Hello, I am a US citizen and considering a 3-6month consulting contract in Abu Dhabi. I am being pitched by the firm that it is tax free but my sense is that they are speaking more from the firm's liability than my own--it is a small firm with limited presence in the region at the moment. I gather that I am subject to taxes based on my nationality and not my physical presence. I have no intention of relinquishing my US citizenship or status as long term resident at the moment. Anyone able to advise on the conceptual basis of my situation, as well as any deductions and or pitfalls out there?

Thanks very much
Nick


----------



## Bevdeforges (Nov 16, 2007)

Evidently there are no income taxes in Abu Dhabi (or in the rest of the Emirates). But as a US citizen, you must declare and pay taxes on your worldwide income - including from any consulting gigs in Abu Dhabi or any other country with or without income taxes.

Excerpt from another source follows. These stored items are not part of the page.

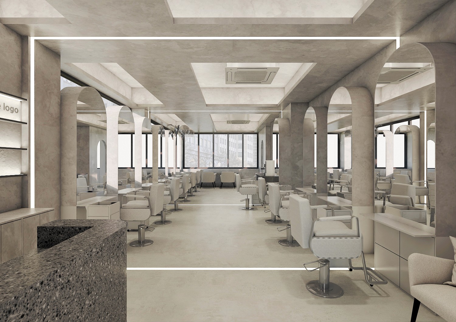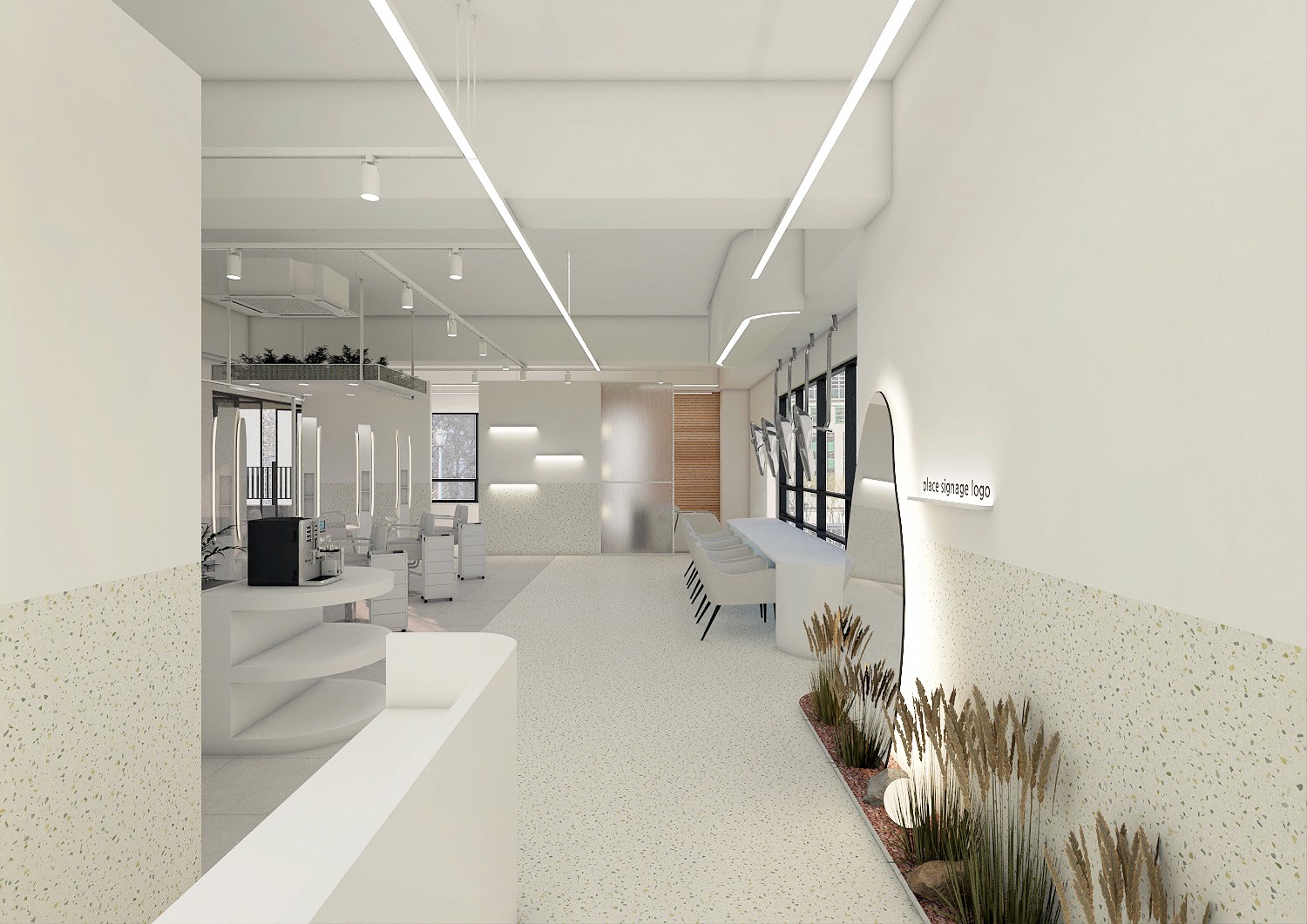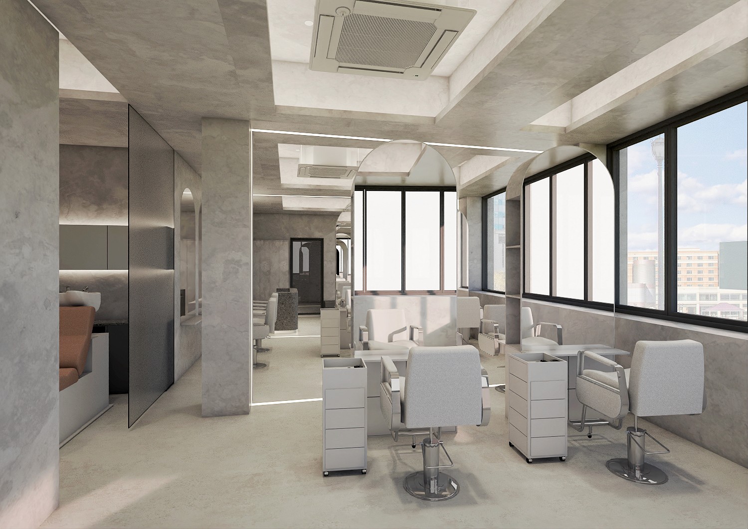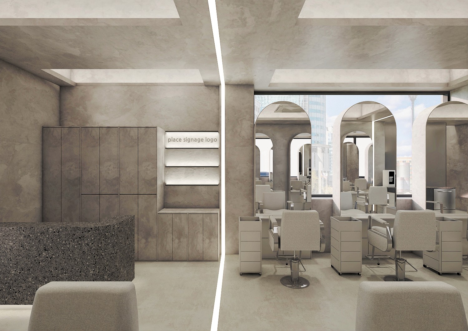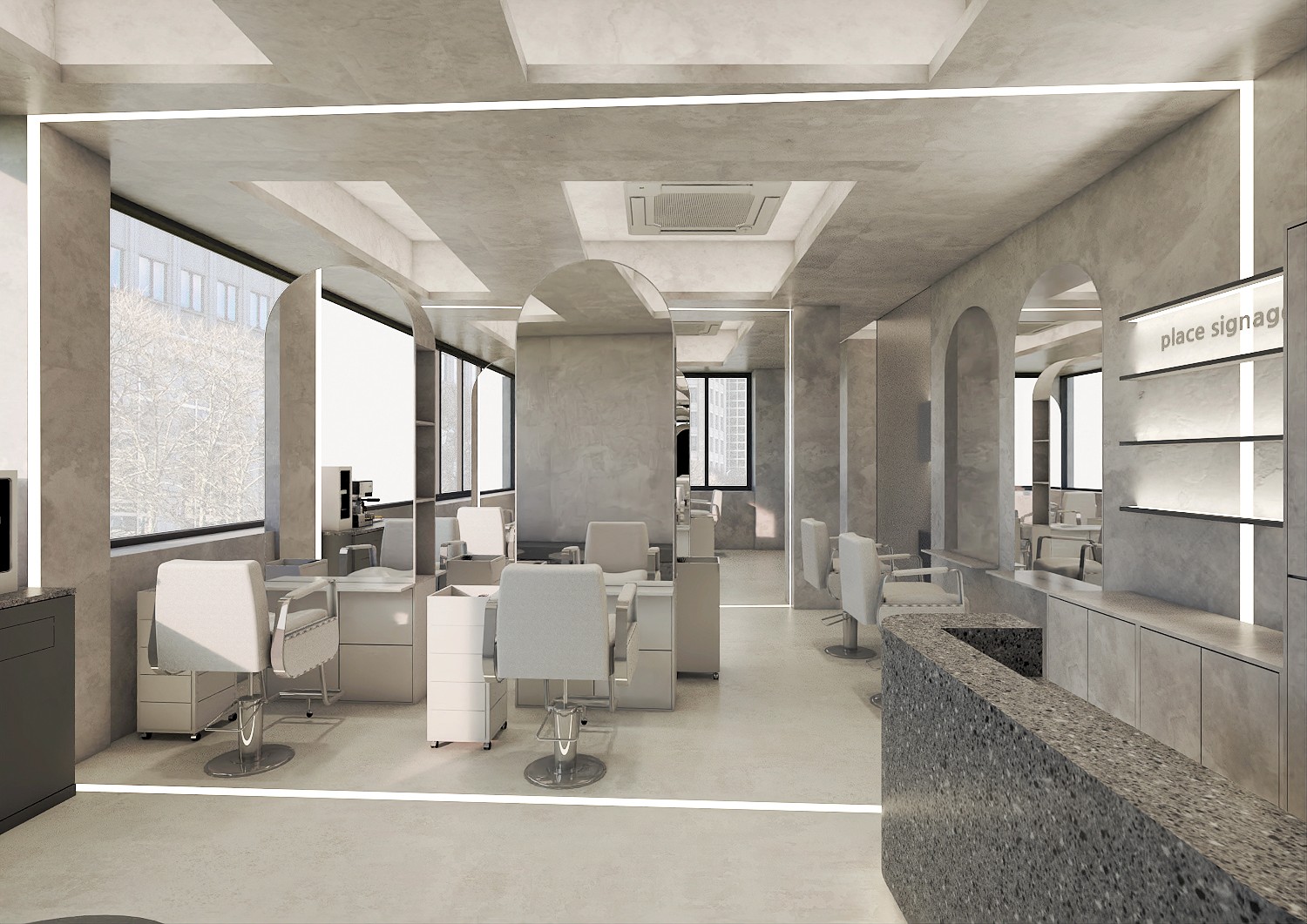 단순히 트리트먼트만을 받는 장소가 아닌것에 집중하여,커피 한잔을 마시며 휴식을 취할수 있는 편안하고 평화로운 환경을 만들기 위해 어느 컬러와 전시되어도 시각적 편안함을 주는 밝은 톤의 그레이 계열(유로미장)을 선택하였습니다.조명 또한 시술을 받는 곳에만 집중하였고,그 외 공간은 간접적인 조명으로 비추었습니다.
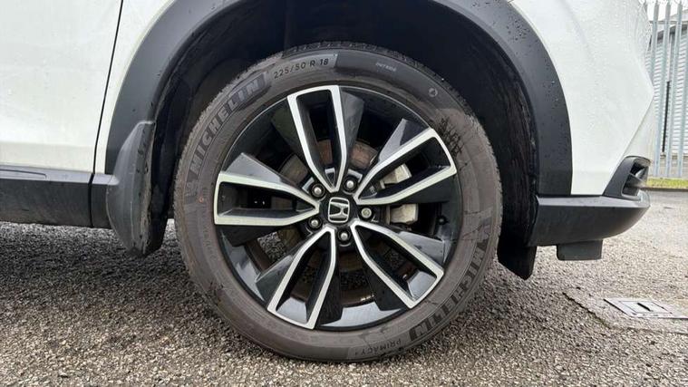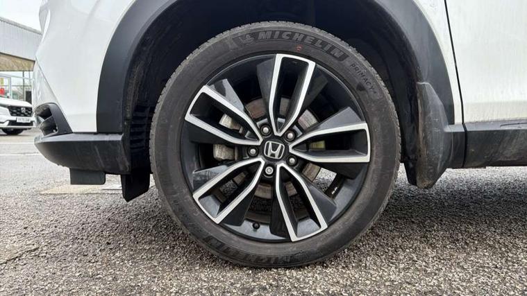 7" TFT instrument cluster, Adaptive cruise control, Adjustable speed limiter, Agile handling assist, Bluetooth hands free telephone connection, Drive modes select (Eco, normal and sport), eCall emergency system, Electric power steering, Emergency stop signalling system, Forward collision warning, Front parking sensors, Honda CONNECT with navigation, 9" touchscreen, AM/FM/DAB/Apple Carplay and android auto, Idle stop, Intelligent speed limiter, Lane departure warning, Lane keep assist, Low speed following, Multi info display, Power meter, Rear parking sensors and rear view camera, Road departure mitigation, Tachometer, Tailgate, Traffic sign recognition, WiFi connectivity, Vehicle stability assist, 'Shark fin' mobile antenna, 2x USB Front socket (1 data & 1 charge), 4 speakers, Steering wheel mounted remote controls, Auto folding door mirrors, Auto high beam, Automatic coming home lighting, Automatic headlights, Automatic rain sensing wipers, Body colour bumpers, Body colour tailgate spoiler, Body coloured door handles, Body coloured door mirrors, Body coloured front grille, Electric front and rear windows, Electrically adjustable and heated door mirrors, Exclusive styling in lower bumper non painting black, Fog garnish non paint gloss black, lower door garnish bumper skid garnish non paint silver, Front sequential turn, Headlight washers, Heated front windscreen, Heated rear window, High level third brake light, LED daytime running lights, LED headlamps, Low gloss window garnish, Manual headlight levelling, Rear side wing doors, Rear wiper, Red and clean lens LED rear lights, Variable front intermittent wipers, Windscreen shadeband, 3 rear headrests, 3 seat bench in 2nd row, 60/40 split folding rear seat, Ambient interior lighting, Automatic air conditioning, Cargo net hooks, Courtesy lights, Driver's seat height adjustment, Driver/passenger sunvisors with illuminated vanity mirrors, Front and rear map reading lights, Front head restraints, Front seat armrests, Heated front seats, Isofix points, Luggage area under floor storage box, Magic seat flexibility system, Manual height/reach adjust steering wheel, Meter illumination light, Paddle shift controls, Passenger seat back pocket, Rear centre armrest, Rear ventilation, Silver interior door handles, Single front passenger seat, Tonneau cover, Trunk light, 3x3 point rear seatbelts, ABS+EBD+Brake assist, Anti-whiplash front headrests, Auto hold function, Collision mitigation braking system, Collision mitigation throttle control, Deflation detection system, Dual front SRS airbags, Electric child locks, Electronic parking brake, Front and rear curtain airbags, Front and rear safety belts with Emergency Locking Retractor, Front side airbags, Hill descent control, Hill start assist, Low speed safety system, Paddle deceleration control, Passenger SRS airbag cut-off device, Regenerative braking system, Door deadlocks, Honda super locks, Immobiliser, Keyless smart entry with push button start, Remote central locking with 2 remote folding keys, Security alarm, Windows key fob operation, 18" Black cut alloy wheels, Tyre repair kit,
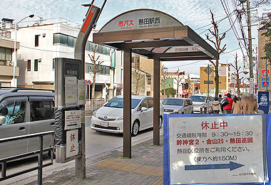 ▲激しい渋滞のため「熱田駅西」停(西行)を休止に
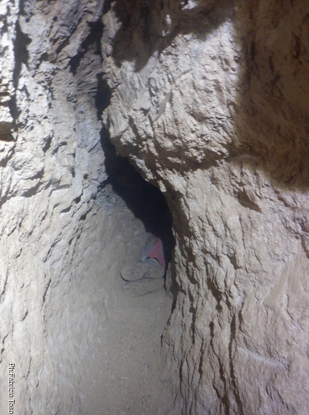Mentre facciamo i preparativi per uscire ricordo a Luca che deve prendere i punti di rilievo fino al fondo attuale e lui si mette prontamente all’opera. Gli do un minimo di assistenza, ma proprio un minimo. Una volta che lui ha terminato e si mette da una parte per aggiornare i dati del rilievo sul blocco note, io vado a curiosare e documentare con una foto il punto dove siamo arrivati.
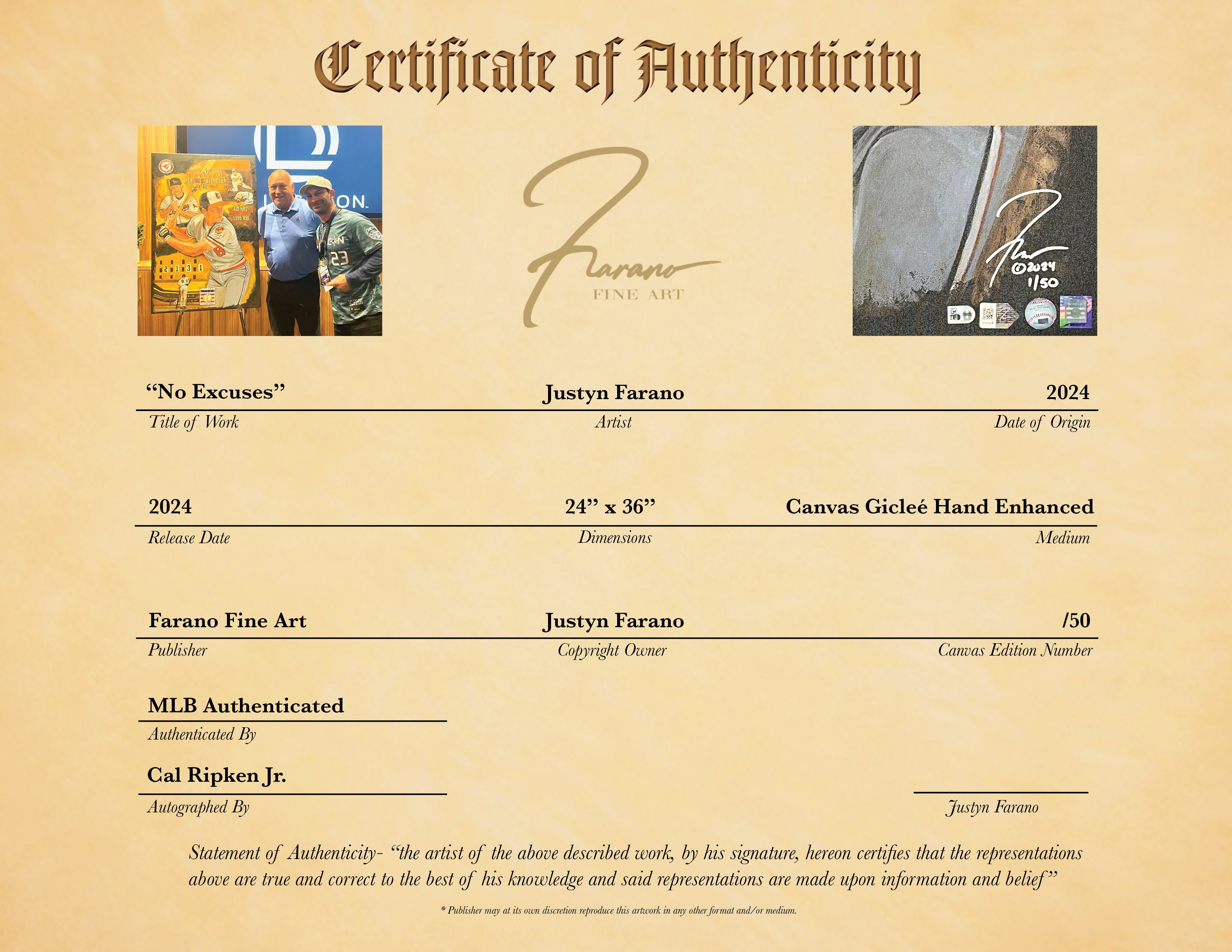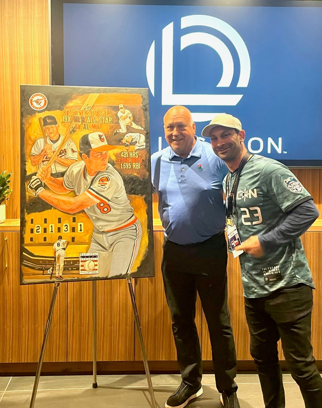 Justyn’s second painting of Ripken is a powerful nod to that legendary streak, pairing a youthful Ripken in his prime as the central image with a seasoned Ripken in the background — a visual reminder of the consistency and longevity that defined his career. The iconic “2131” banner from Camden Yards anchors the piece, celebrating the night he broke Lou Gehrig’s record. This tribute captures Ripken’s journey from rising star to enduring legend, making it a must-have for Orioles fans and collectors who appreciate the art of showing up every day.
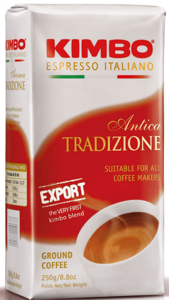 Kimbo Export Antica Tradizione — натуральный молотый кофе премиум класса, купаж из высококачественных сортов бразильской арабики и отборной африканской робусты. Напиток имеет гладкую структуру, интенсивный глубокий аромат, насыщенный вкус с шоколадными нотками, густую плотную крема. Export Antica Tradizione — прекрасное начало нового дня, придает бодрости и энергии.
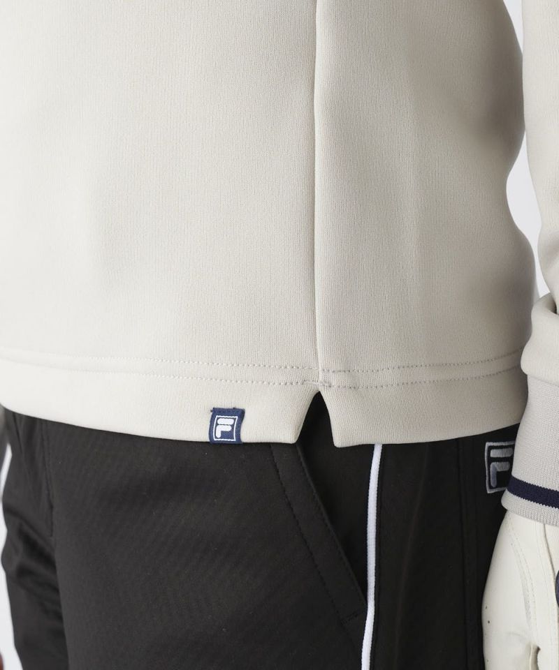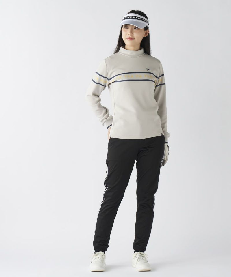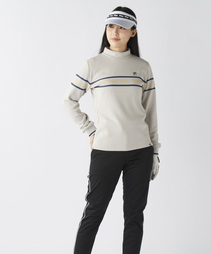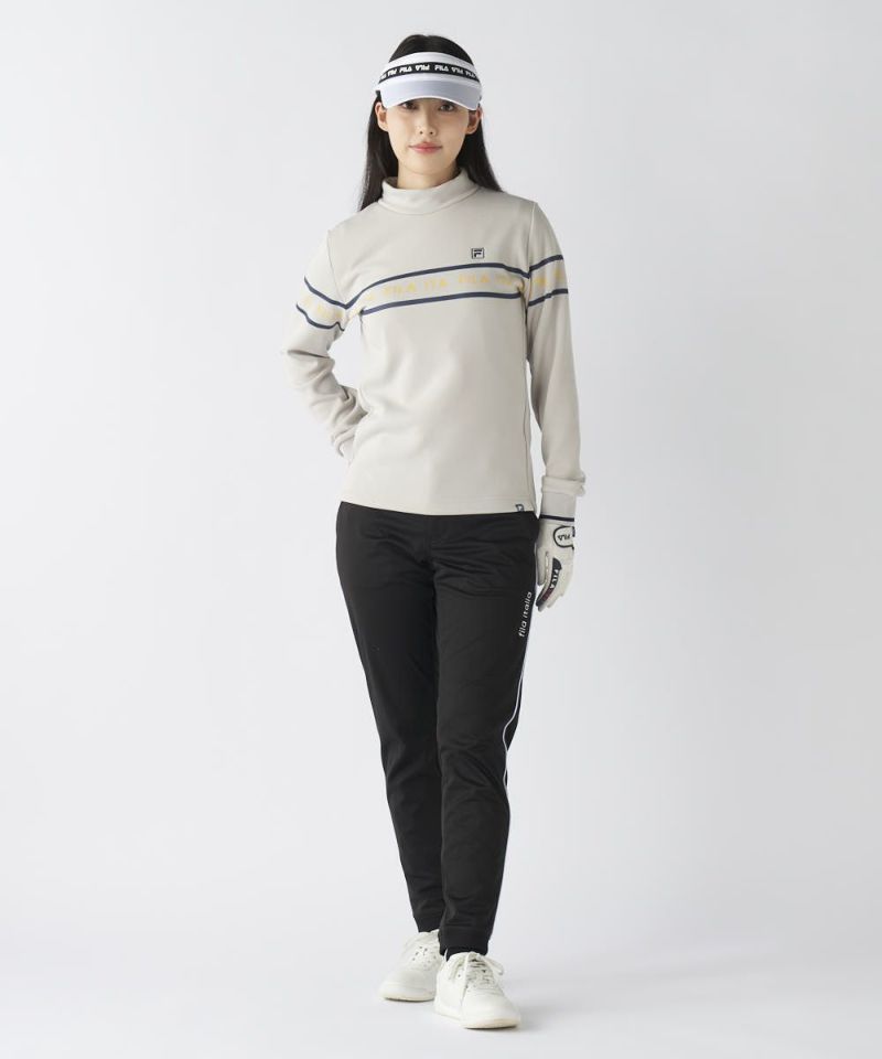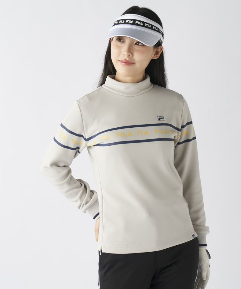 モックネックと袖口のリブ仕様がスポーティで洗練された印象を与えます。フロントの配色ライン使いのロゴプリントが、程よいアクセントとなり、ベストやブルゾンとのレイヤードもスマートに決まります。シンプルかつ機能的で、大人の女性のクリーンなゴルフスタイルに欠かせないベーシックアイテムです。

Unfortunately, a 3 to 6 month gig will not qualify you for the overseas earned income exclusion (form 2555). For that you need to be overseas for 12 consecutive months, or for an entire calendar year (i.e. Jan 1 to Dec. 31). 
Cheers,
Bev


----------



## ndskidder (Mar 8, 2010)

Bevdeforges said:


> Evidently there are no income taxes in Abu Dhabi (or in the rest of the Emirates). But as a US citizen, you must declare and pay taxes on your worldwide income - including from any consulting gigs in Abu Dhabi or any other country with or without income taxes.
> 
> Unfortunately, a 3 to 6 month gig will not qualify you for the overseas earned income exclusion (form 2555). For that you need to be overseas for 12 consecutive months, or for an entire calendar year (i.e. Jan 1 to Dec. 31).
> Cheers,
> Bev


Thanks Bev, I can't tell you how helpful this information is. I really appreciate it


----------